Professional obligation and personal curiosity motivate this engineer to regularly test-drive alternatives to the Windows-plus-MacOS hegemony as they emerge.
Call me stubborn (or Ishmael, if you wish, although that’s not germane to this particular conversation), but over the past near-decade I’ve evaluated Google’s Chrome OS on numerous occasions; both as the operating system has evolved and on several hardware platforms: the initial CR-48 development system (a pristine unopened example of which still resides in my tech storage closet) and its successor, a Toshiba Chromebook 2.
The Chrome OS platform has gained some notable feature set additions over the years and continues to benefit from several advantages that it has exhibited since day 1; near-instantaneous boot-up, for example, along with cloud-based ease of recovery from system damage or loss (which explains its dominance in the education market). However, as I wrote in my most recent October 2016 post on Chrome OS:
Bottom line: at the end of the day, once I try to expand beyond the core Google apps experience, I’m left feeling empty.
So why am I try, trying again? To some degree I’m motivated by professional obligation to regularly test-drive alternatives to the Windows-plus-MacOS hegemony as they emerge. I’m also motivated by personal curiosity, specifically of what the addition of Android application support will bring to the Chrome OS experience. Back in August 2016, I’d written that Google had announced such pending support at the then-recent iteration of the yearly I/O developer conference, a development that had prompted my purchase of the Chromebook 2 in the first place. Unfortunately, however, although the 2015 model year iteration of the Chromebook 2 finally gained Android support in the Chrome OS Beta channel last December (with Stable channel support following this May), my 2014 model is still listed only as “Planned” more than two years after initial program unveiling. And I’m not holding my breath (no matter that I still regularly check for updates).
What I’m moving to instead is Google’s own Pixelbook, for which Android app support is already in place:
The Pixelbook was released in October of last year; until recently, the only things I’d heard about it were that it was high quality but also very high priced (characteristics it shared with its Chromebook Pixel predecessor).
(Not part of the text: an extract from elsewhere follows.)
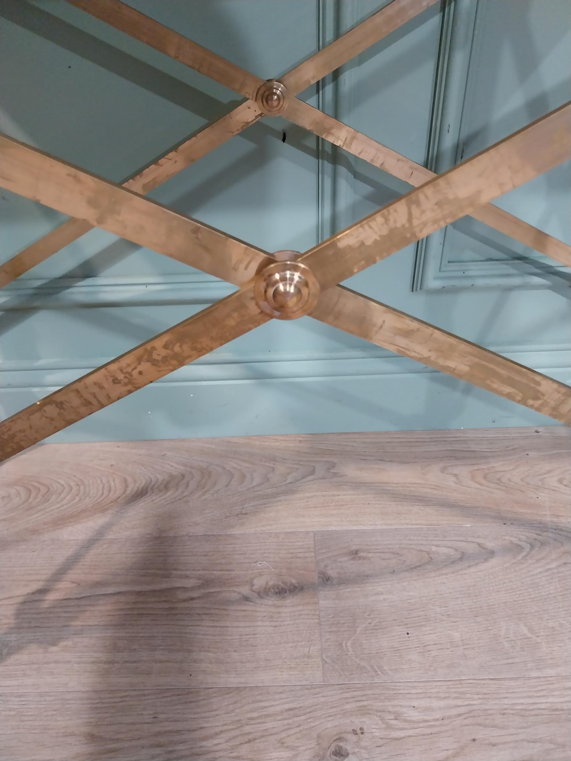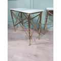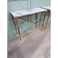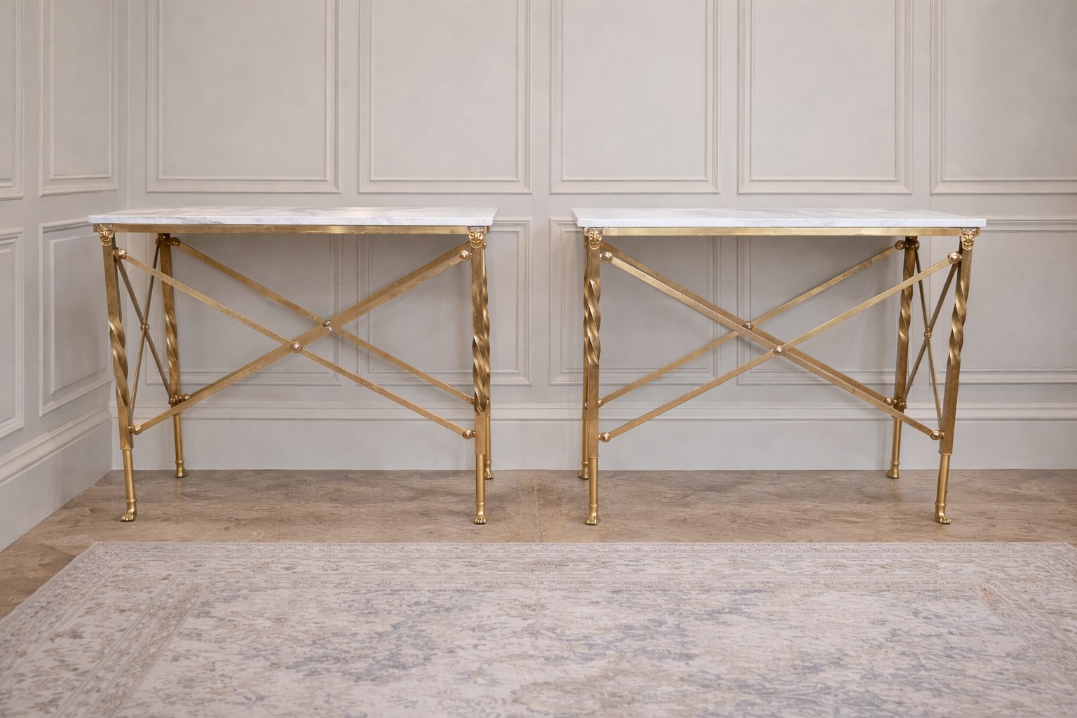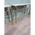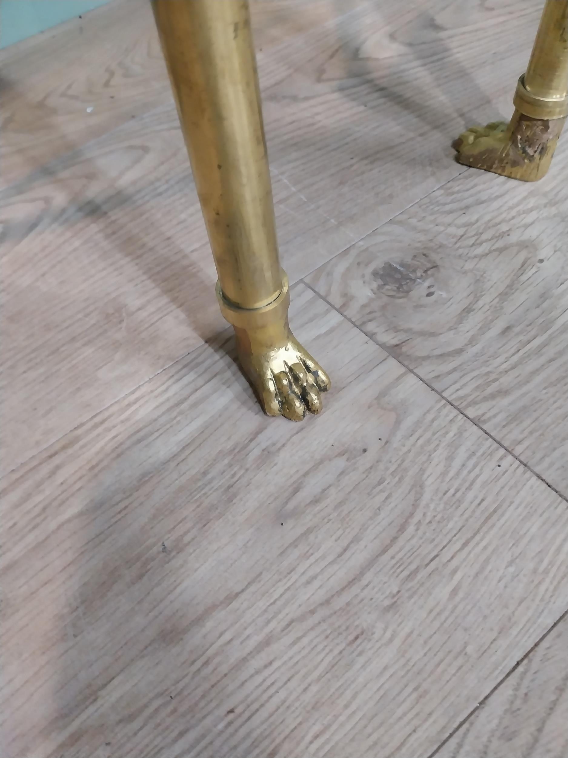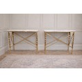 Pair of exceptional quality brass marble topped Console tables in the Empire style decorated with Lion's masks and Lion's paw feet. {82 cm H x 100 cm W x 41 cm D}.
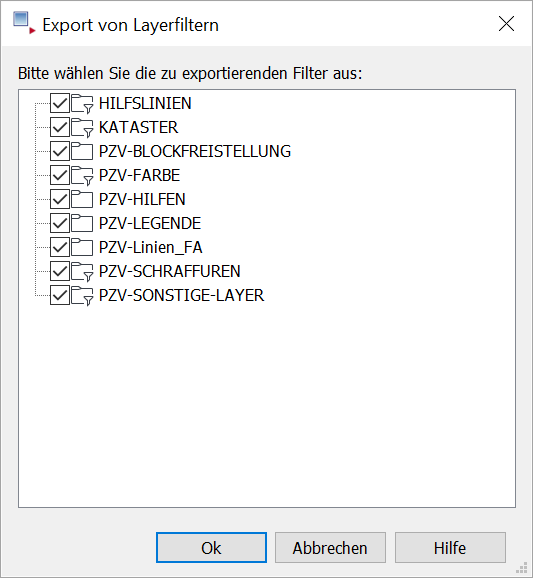 Vorhandene Layerfilter lassen sich jederzeit in eine externe Layer-Struktur-Datei (*.ltp) exportieren. Hierbei erscheint der Dialog "Export von Layerfiltern", welcher sowohl Gruppenfilter als auch Eigenschaftenfilter enthalten kann. Die gewünschten Inhalte lassen sich mit dem jeweiligen Häkchen an- bzw. abwählen. Der Filter "alle Verwendeten Layer" wird nicht angezeigt. Hierbei handelt es sich um einen automatisch vom CAD-System erzeugten Filter, welcher nicht für Operationen zur Verfügung steht. |

However, as part of a Father’s Day promotion, Google dropped the price of the entry-level variant, containing 8 GB of SDRAM and a 128 GB SSD, and based on an Intel “Kaby Lake” Core i5 -7Y57 dual-core (physical…quad-core virtual via HyperThreading) CPU, from $999 to $749. I pondered but ultimately didn’t pull the trigger on that offer, and regretted my inaction afterwards.
But more recently, I saw the entry-level Pixelbook for sale brand new on Ebay (I’m guessing the merchant had bought a bunch of them from Google or Best Buy during the Father’s Day promotion and was now reselling them at a slight profit). Although it was now offered for $800+, an active Ebay promotion knocked $100 off the price tag; even with a Square Trade two-year warranty added, it ended up being a few hundred dollars less than it would have been had I bought it comparably equipped on Father’s Day, and ~$500 less than the normal price with warranty. No sales tax and free shipping were added upsides.
It’s newly arrived and sitting in my office unopened as I type these words. Even if the Toshiba Chromebook 2 ends up getting Android app support, too, I suspect it’ll be functionally deficient due to its dearth of memory (4 GB), storage (16 GB), and processing (dual-core Intel Bay Trail Atom-based SoC) resources. I also picked up the Pen accessory to try out that additional interface option. The Pixelbook is USB-C-based, which will enable me to test the transfer bandwidth and power distribution capabilities of this newest interface standard both in an absolute sense and relative to USB generational precursors and Thunderbolt alternatives. And planned hardware platform support for Linux (along with rumored pending support for Windows 10) are intriguing, as well.